(TASK GOAL):
Reproduce only the lines that begin at the line with "Nombre Intact YTX7A-BS" and run to the end of the entries; omit every picture.

▬▬▬▬▬▬▬▬▬▬

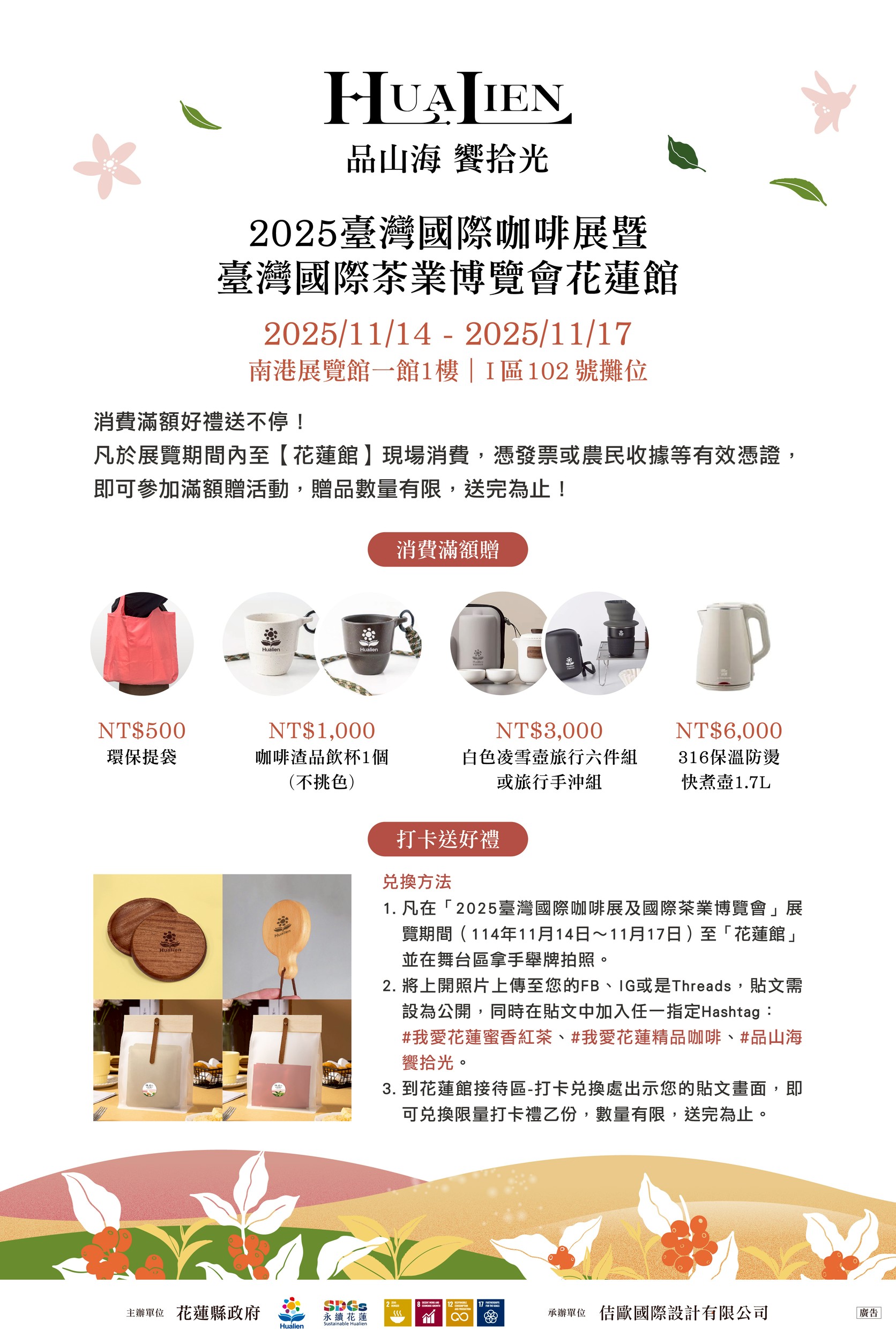 花蓮縣政府攜手12家在地蜜香紅茶及4家精品咖啡廠商共同參與「2025臺灣國際茶業博覽會」與「臺灣國際咖啡展」,展期於114年11月14日至17日,在南港展覽館一館舉辦。花蓮縣政府期待藉由參展,展現花蓮縣多年推動地方農產業升級與品牌化的豐碩成果。
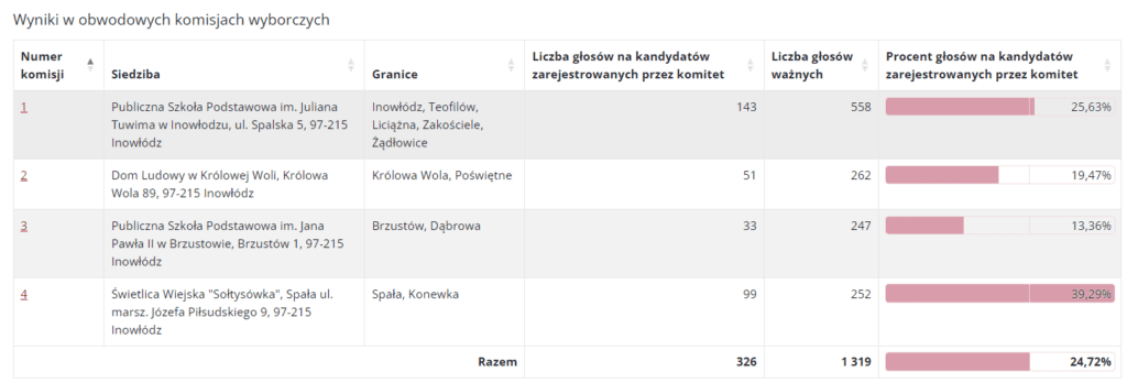 | Liczba głosów na kandydatów zarejestrowanych przez komitet w gm. Inowłódz | 326 |
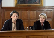 Getrennte Wege15 Uhr im Ersten. Wieder einmal sind Christina Ehrenberg (Gisela Schneeberger, r.) und Gregor Gegner vor Gericht. Christina verteidigt Jens Illner (Michael Rotschopf, l.), den Ex-Mann von Ehrenbergs Mandantin.Bild: © ARD/Georges Pauly
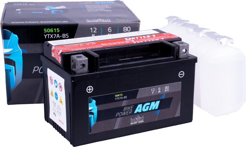 Nombre Intact YTX7A-BS AGM Detalles Bateria marca Alemana Intact para motos. Descripción Bateria Intact YTX7A-BS Tecnologia AGM sin mantenimiento. Código 50615 Fabricante No Voltaje (V) 12V Capacidad (Ah) 6Ah Salida (A) 80A Largo (mm) 150 Ancho (mm) 87 Alto (mm) 93 Posicion bornes + izquierda Tecnología AGM Peso (Kg) 3.0000 Garantía (años) 1 año de garantia
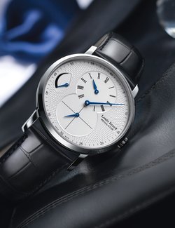 Silver guilloché stamping. Regulator with offset hours subdial at 12 o’clock, central minutes hand, small seconds at 6 o’clock and power-reserve display at 9 o’clock.
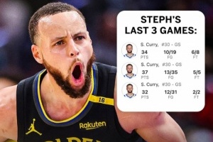在過去的三場比賽中,庫里皆得到30+,他成為NBA歷史上第二位在36歲還能連續(xù)三場30+的球員,第一位是喬丹。
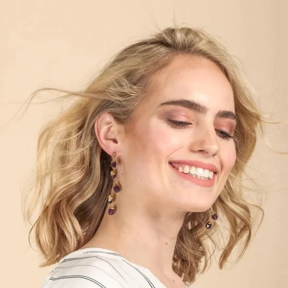 Embrace natural beauty with these striking Branch Earrings. This piece features a gorgeous display of natural gemstones held carefully on a brass bough. Each stone contains a unique crystalline design that draws in the eyes. Both edgy and elegant, this piece will become one of your favorites.
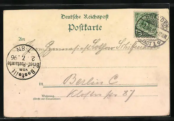 gelaufen 1896, Ecken bestoßen, Stempelspur, sonst guter Zustand
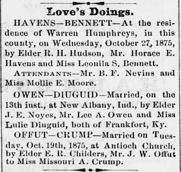 Printed in the Friday, October 29, 1875 edtion of the Fulton Telegraph, page 3. Wedding of J. W. Offut and Miss Missouri A. Crump

▬▬▬▬▬▬▬▬▬▬

(RESPONSE TO THIS TASK):
 Nombre Intact YTX7A-BS AGM Detalles Bateria marca Alemana Intact para motos. Descripción Bateria Intact YTX7A-BS Tecnologia AGM sin mantenimiento. Código 50615 Fabricante No Voltaje (V) 12V Capacidad (Ah) 6Ah Salida (A) 80A Largo (mm) 150 Ancho (mm) 87 Alto (mm) 93 Posicion bornes + izquierda Tecnología AGM Peso (Kg) 3.0000 Garantía (años) 1 año de garantia
 Silver guilloché stamping. Regulator with offset hours subdial at 12 o’clock, central minutes hand, small seconds at 6 o’clock and power-reserve display at 9 o’clock.
在過去的三場比賽中,庫里皆得到30+,他成為NBA歷史上第二位在36歲還能連續(xù)三場30+的球員,第一位是喬丹。
 Embrace natural beauty with these striking Branch Earrings. This piece features a gorgeous display of natural gemstones held carefully on a brass bough. Each stone contains a unique crystalline design that draws in the eyes. Both edgy and elegant, this piece will become one of your favorites.
 gelaufen 1896, Ecken bestoßen, Stempelspur, sonst guter Zustand
 Printed in the Friday, October 29, 1875 edtion of the Fulton Telegraph, page 3. Wedding of J. W. Offut and Miss Missouri A. Crump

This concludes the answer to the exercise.